### What is needed
If a record holds a picture, leave the picture out and repeat everything else exactly.

─── Recorded information ───

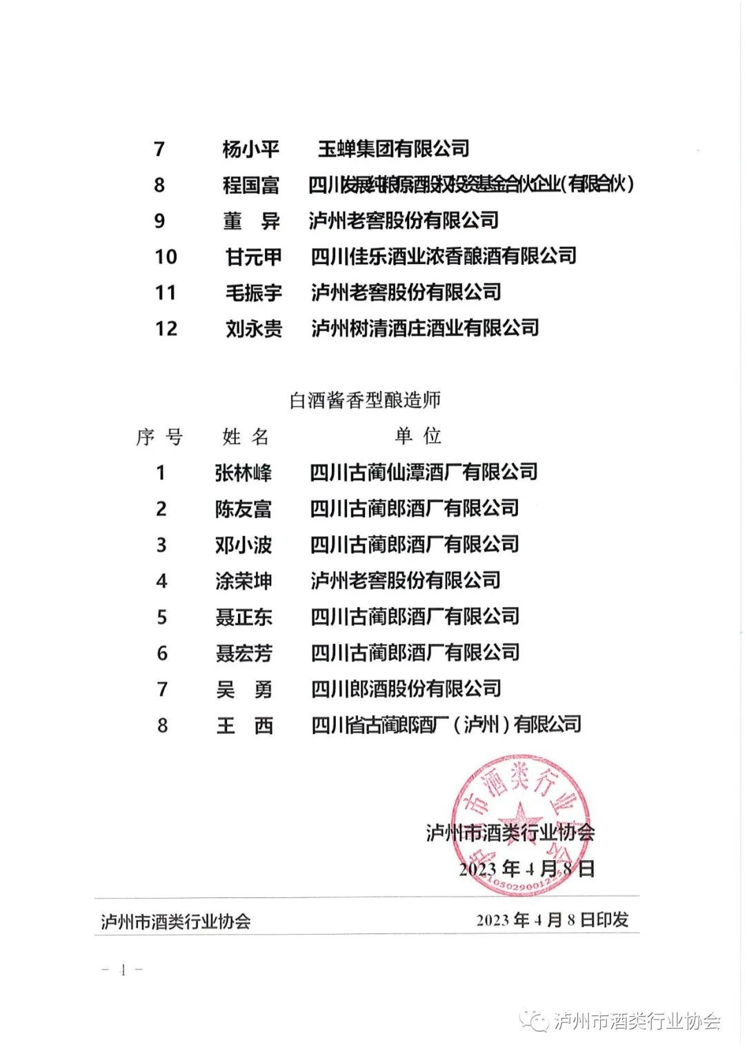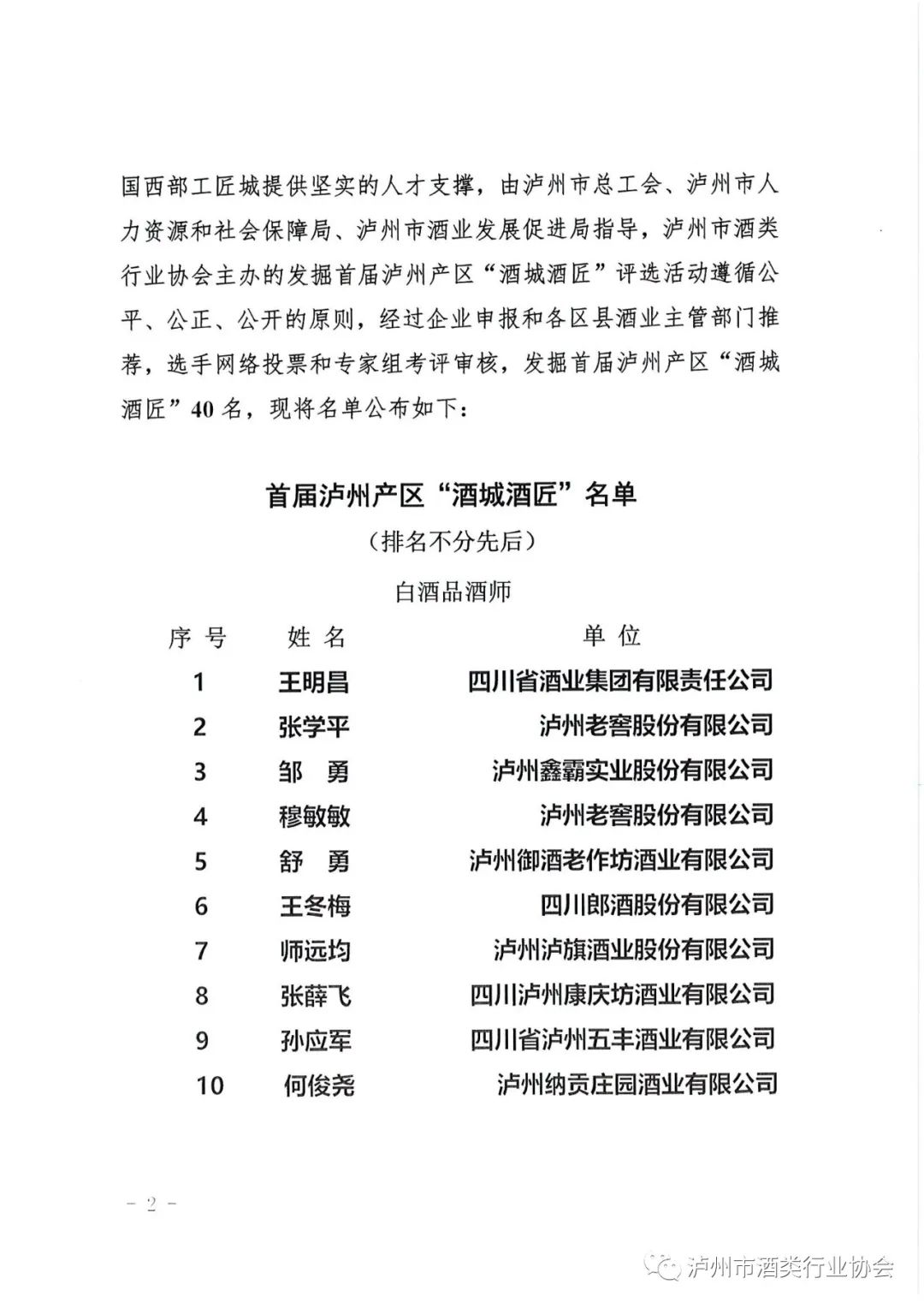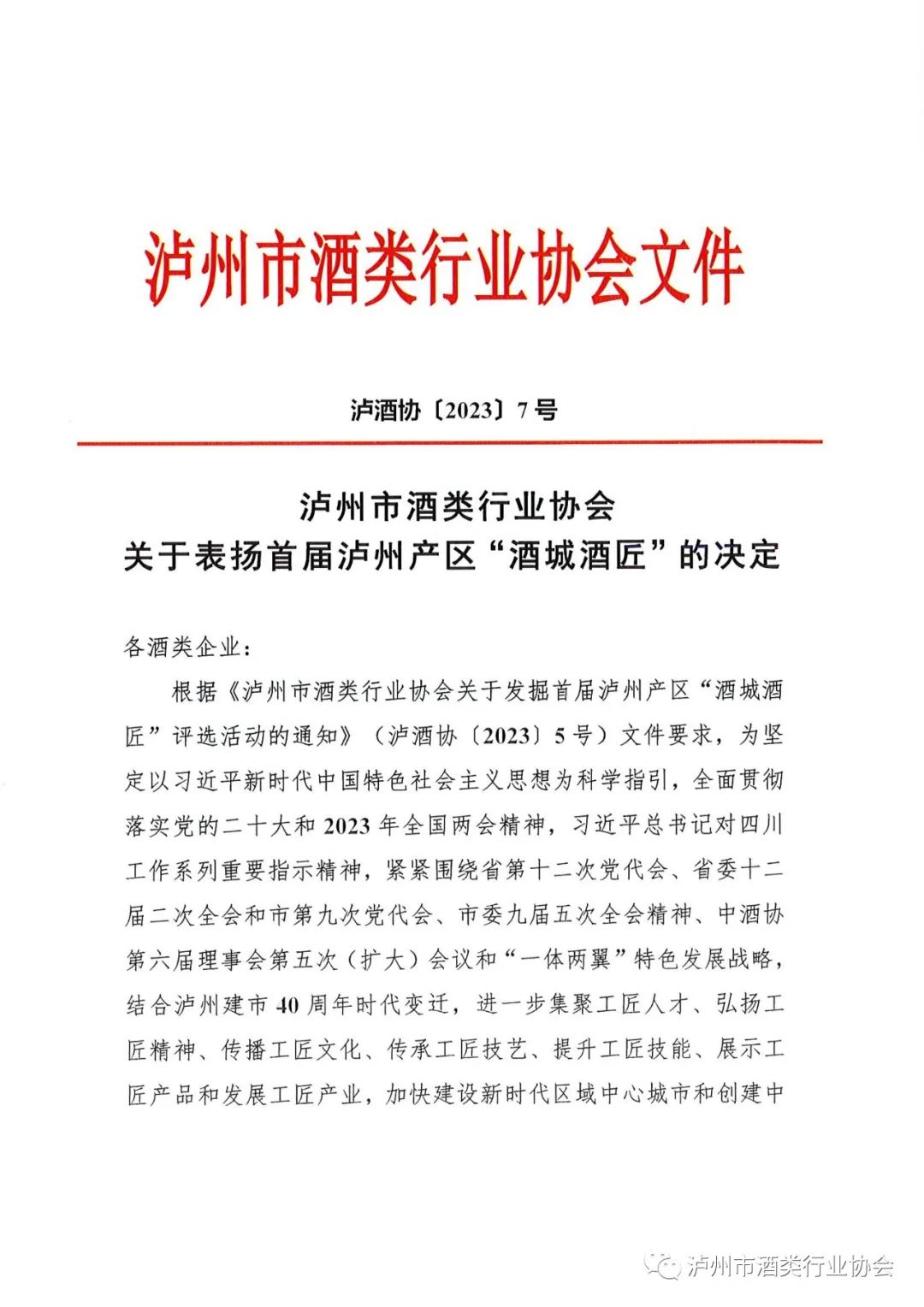 泸州市酒类行业协会关于表扬首届泸州产区“酒城酒匠”的决定
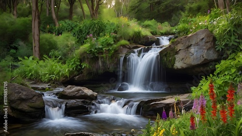 Fototapeta premium Serene Waterfall Cascades Through Lush Forest Garden
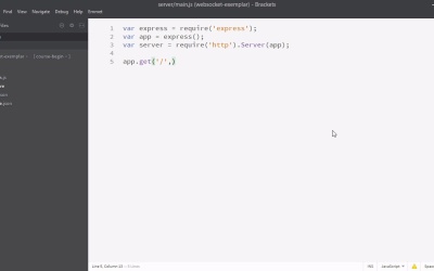 So our scaffold is set up, now we're going to set up our express file. Express is what's going to answer our HTTP request and serve our website eventually. So let's create a new folder here and I'll call that folder server So we're gonna need to express in this file and we just installed it with NPM, so we can require it using the require keyword. Now we're going to find a server variable. And we're going to make that equal to require HTTP. But our server isn't done yet. First, let's make a new variable above this and call it app. And this will be an invocation of express, so we'll pass express with brackets. And this will create a new instance of our express application. Now, what we're gonna do with server is require('http') and then we'll say, .Server, Which is going to wrap whatever we put in it in the server and we're gonna pass it app. So now server represents an instance of our express that's wrapped in HTTP. This will be important later. So now we can test our app. We can say, app.get And we'll just put in a forward slash. And the second argument will be a function with two arguments parsed in. So this method will take two arguments, rec and res. So whenever we go to our application at whatever port we listen at, it will run this code. So let's do something really simple, we'll just say, res.send("Hello world."). And we'll also put a console log here. And say, something connected to express. Finally, we have to describe a port for our app to listen to. So we'll say, server.listen not app.listen, but server.listen. And will pass it a port, it can really be any port, but let's make it 80, one of my preferred ports to use. So let's give our app a test drive. Let's open up our terminal. And here I am in the main directory, so I'm going to have to type node server/main.js. And that's looking good. Now, I'll bring up my browser and let's navigate to local host. Since the port is 80, we don't need a port. 80 is the default no port port. So we can see our express is working. We see hello world and we see something's connected to express. Why do we have two statements? Well, the nature of our Socket.IO is that we're going to be doing a lot of communication between the server and the browser. So now, we know both sides are working.
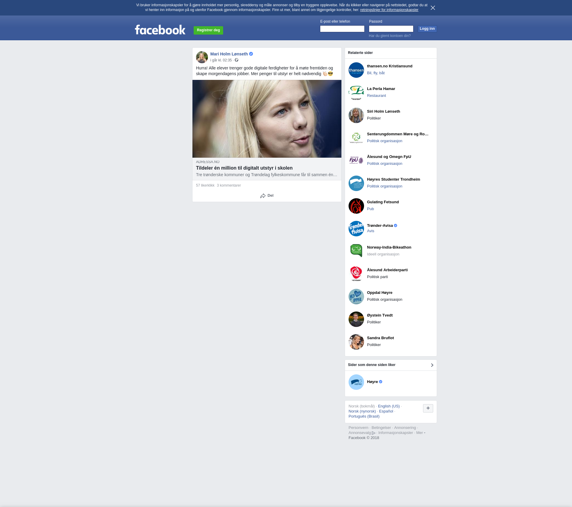 Orginalt innlegg på Facebook
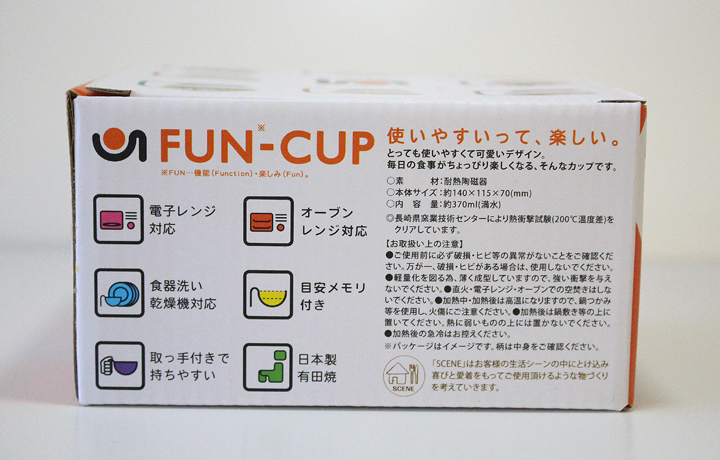 ・ファンカップ(野いちご、樹の森、幸せ四つ葉):直径11.5cm×14.5cm×高さ7cm 重さ190g 容量(満水時)370ml メモリ100~250ml対応
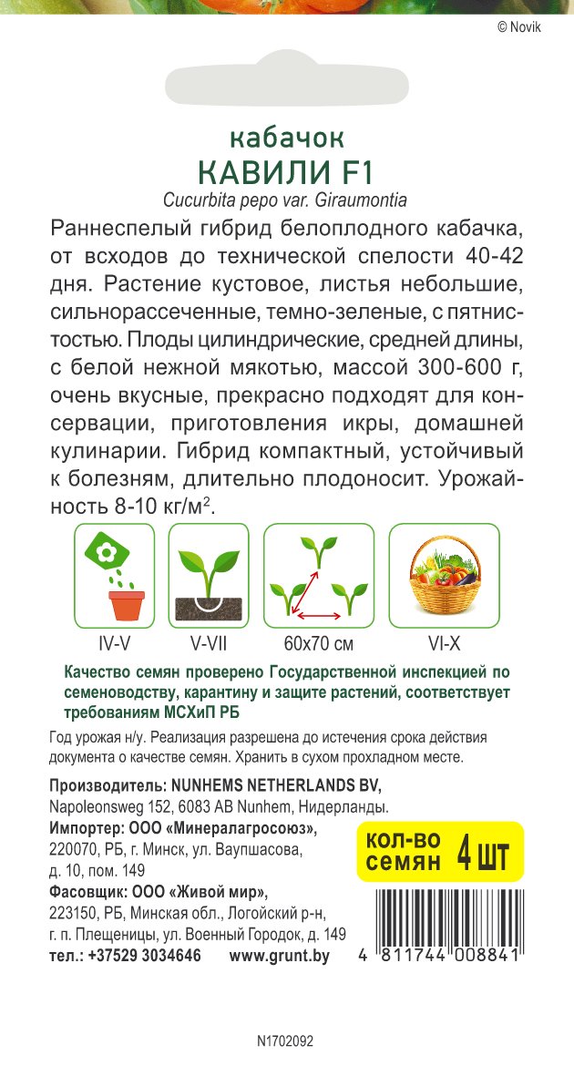 Кабачок Кавили F1 (Nunhems) 4 шт, РБ
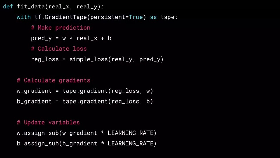 그런 다음 w 및 b 텐서의 경우 assign_sub를 호출하여 해당 값을 조정하기 위해 학습률과 gradient값을 곱하여 업데이트 할 수 있습니다.
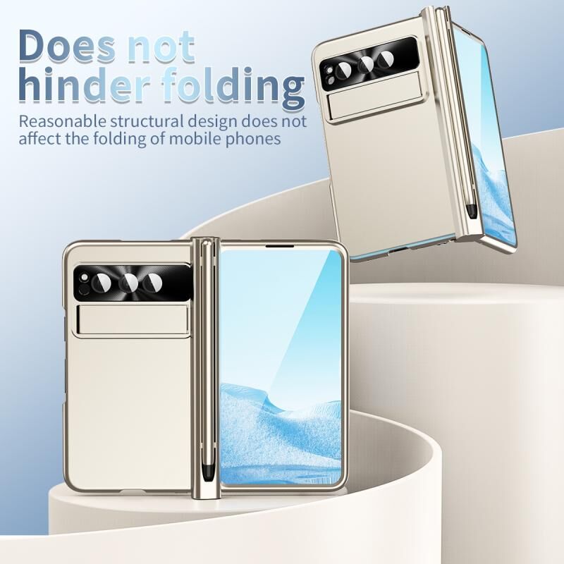 Για το Google Pixel Fold Ενσωματωμένη ηλεκτρολυτική υποδοχή στυλό Διπλή μεντεσέ πτυσσόμενη θήκη τηλεφώνου με γραφίδα (χρυσό)
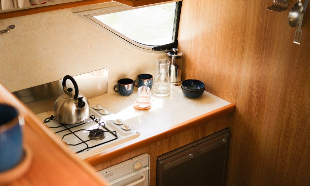Wohnraum/ Küche: Salon mit Tisch, Sitzbank, anschließender Küche, die vollwertig ausgestattet ist: Gasherd, Backofen, Kühlschrank, Spüle, Stauraum und Geschirr. Die Sitzbank kann zu einem weiteren Doppelbett umgebaut werden. Für Unterhaltung sorgt ein Bildschirm mit DVD Player und ein Radio mit CD/USB/MP3
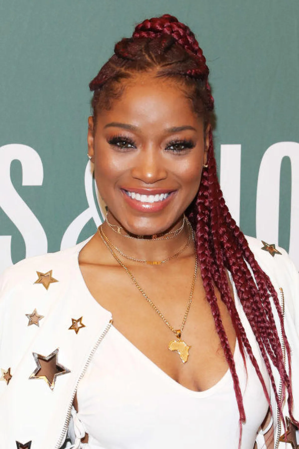 كيكي بالمر Keke Palmer: رفعت ضفائرها البورغندية على شكل ذيل حصان عالية.
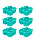 Sort your supplies for easy use and storage. The Caddy has 3 compartments (1 large and 2 small). The rounded handle has no sharp edges. Completely washable and dishwasher safe. Take your supplies from the closet to the work table quickly and simply. Small compartment interior dimensions are 3.5" long x 3.5" wide x 3.75". Large compartment interior dimensions are 8" long x 3.5" wide x 3.75" deep. Overall dimensions: 9.25"L x 9.25"W x 5.25"H. Sold as a pack of 6 caddies.
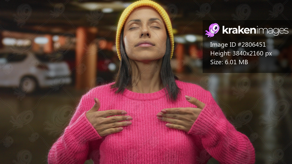 Woman wearing pink sweater and yellow hat stands indoors in parking lot with cars in background, displaying a calm expression suggestive of mindfulness or contemplation. - Kraken Images

───

### Task solution
 泸州市酒类行业协会关于表扬首届泸州产区“酒城酒匠”的决定
 Fototapeta premium Serene Waterfall Cascades Through Lush Forest Garden
 So our scaffold is set up, now we're going to set up our express file. Express is what's going to answer our HTTP request and serve our website eventually. So let's create a new folder here and I'll call that folder server So we're gonna need to express in this file and we just installed it with NPM, so we can require it using the require keyword. Now we're going to find a server variable. And we're going to make that equal to require HTTP. But our server isn't done yet. First, let's make a new variable above this and call it app. And this will be an invocation of express, so we'll pass express with brackets. And this will create a new instance of our express application. Now, what we're gonna do with server is require('http') and then we'll say, .Server, Which is going to wrap whatever we put in it in the server and we're gonna pass it app. So now server represents an instance of our express that's wrapped in HTTP. This will be important later. So now we can test our app. We can say, app.get And we'll just put in a forward slash. And the second argument will be a function with two arguments parsed in. So this method will take two arguments, rec and res. So whenever we go to our application at whatever port we listen at, it will run this code. So let's do something really simple, we'll just say, res.send("Hello world."). And we'll also put a console log here. And say, something connected to express. Finally, we have to describe a port for our app to listen to. So we'll say, server.listen not app.listen, but server.listen. And will pass it a port, it can really be any port, but let's make it 80, one of my preferred ports to use. So let's give our app a test drive. Let's open up our terminal. And here I am in the main directory, so I'm going to have to type node server/main.js. And that's looking good. Now, I'll bring up my browser and let's navigate to local host. Since the port is 80, we don't need a port. 80 is the default no port port. So we can see our express is working. We see hello world and we see something's connected to express. Why do we have two statements? Well, the nature of our Socket.IO is that we're going to be doing a lot of communication between the server and the browser. So now, we know both sides are working.
 Orginalt innlegg på Facebook
 ・ファンカップ(野いちご、樹の森、幸せ四つ葉):直径11.5cm×14.5cm×高さ7cm 重さ190g 容量(満水時)370ml メモリ100~250ml対応
 Кабачок Кавили F1 (Nunhems) 4 шт, РБ
 그런 다음 w 및 b 텐서의 경우 assign_sub를 호출하여 해당 값을 조정하기 위해 학습률과 gradient값을 곱하여 업데이트 할 수 있습니다.
 Για το Google Pixel Fold Ενσωματωμένη ηλεκτρολυτική υποδοχή στυλό Διπλή μεντεσέ πτυσσόμενη θήκη τηλεφώνου με γραφίδα (χρυσό)
Wohnraum/ Küche: Salon mit Tisch, Sitzbank, anschließender Küche, die vollwertig ausgestattet ist: Gasherd, Backofen, Kühlschrank, Spüle, Stauraum und Geschirr. Die Sitzbank kann zu einem weiteren Doppelbett umgebaut werden. Für Unterhaltung sorgt ein Bildschirm mit DVD Player und ein Radio mit CD/USB/MP3
 كيكي بالمر Keke Palmer: رفعت ضفائرها البورغندية على شكل ذيل حصان عالية.
 Sort your supplies for easy use and storage. The Caddy has 3 compartments (1 large and 2 small). The rounded handle has no sharp edges. Completely washable and dishwasher safe. Take your supplies from the closet to the work table quickly and simply. Small compartment interior dimensions are 3.5" long x 3.5" wide x 3.75". Large compartment interior dimensions are 8" long x 3.5" wide x 3.75" deep. Overall dimensions: 9.25"L x 9.25"W x 5.25"H. Sold as a pack of 6 caddies.
 Woman wearing pink sweater and yellow hat stands indoors in parking lot with cars in background, displaying a calm expression suggestive of mindfulness or contemplation. - Kraken Images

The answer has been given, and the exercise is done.